Finally realized that having a child with FH is impossible
Just finished yet another argument with FH regarding his permissive parenting. He is simply incapable of telling his teenage kids "no." His version is to say "I would rather that you did not" and let the kids make their own decisions. This, as expected, leads to the kids making appalling decisions and, contrary to his fervent belief, NOT learning life lessons from them because they end up getting what they want with zero consequences.
It finally hit me that I do not want to parent with him. It would be a nightmare of me having to be the disciplinarian mom 24/7 in order to balance out his "disney dad/parent as friend" style of parenting. That is no way to live. And besides, any child would naturally gravitate to the fun parent rather than the strict one and I would have a lovely case of PAS in my very own home. Not to mention a child that is a carbon copy of the spoiled rotten entitled children that he has already produced. There is no way in hell I could live with a child of mine turning out that way. I would have to hang my head in shame.
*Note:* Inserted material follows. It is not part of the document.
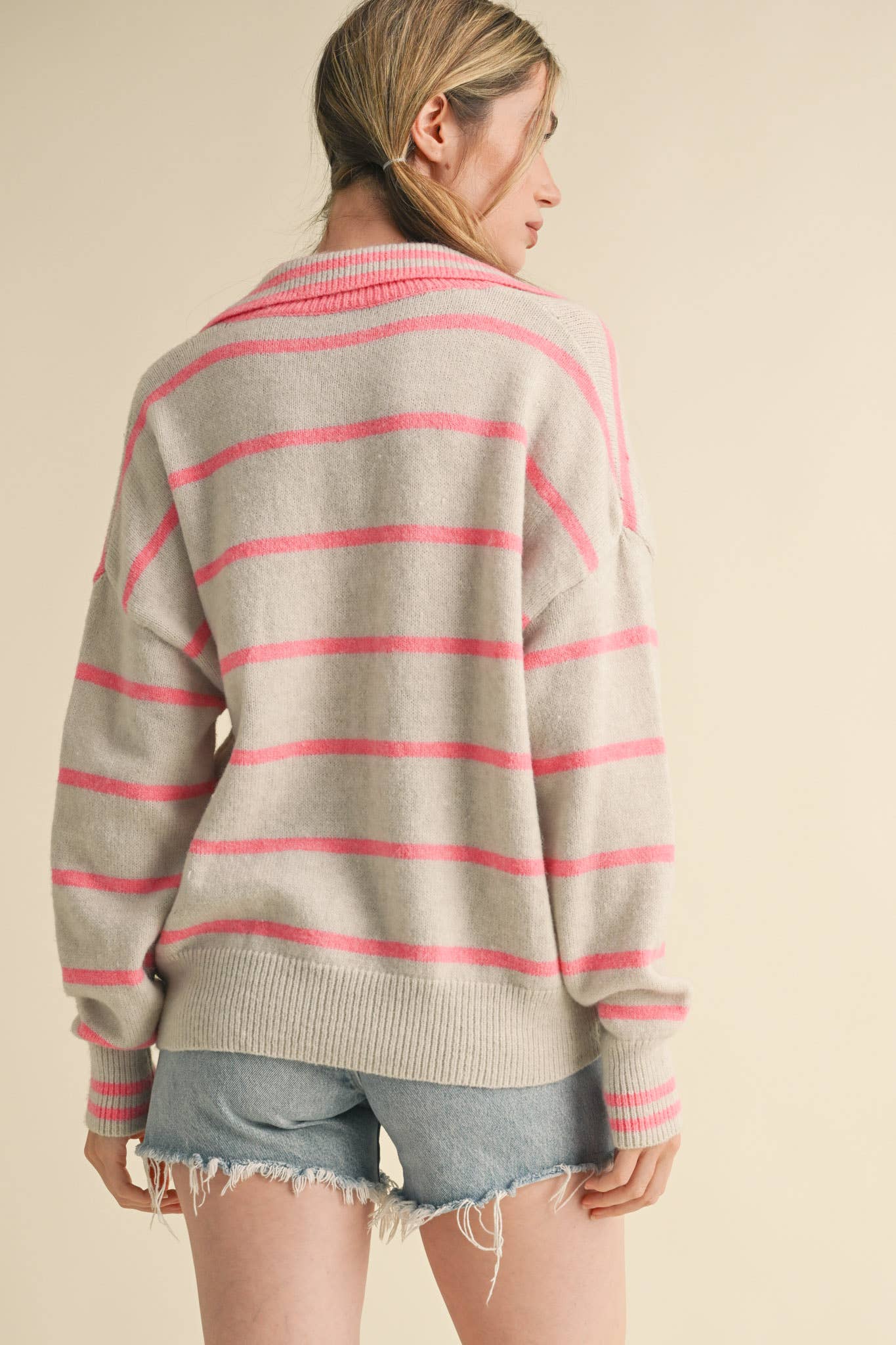 Lindsey Striped Collar Sweater Candy Pink/Gray

Many people end up raising children with people whose parenting styles do not mesh with theirs. But they had no way of knowing until the children came along. I, however, already know how FH functions as a parent. If I adopted a child with him, I would have only myself to blame for the chaos that would result. So my choice is to stay with him - because I genuinely do love him - and remain childless or leave and either find a man whose parenting style is compatible with mine or be a single mother. Thanks, FH, really. Can't tell you how much I appreciate this side-effect of being with you!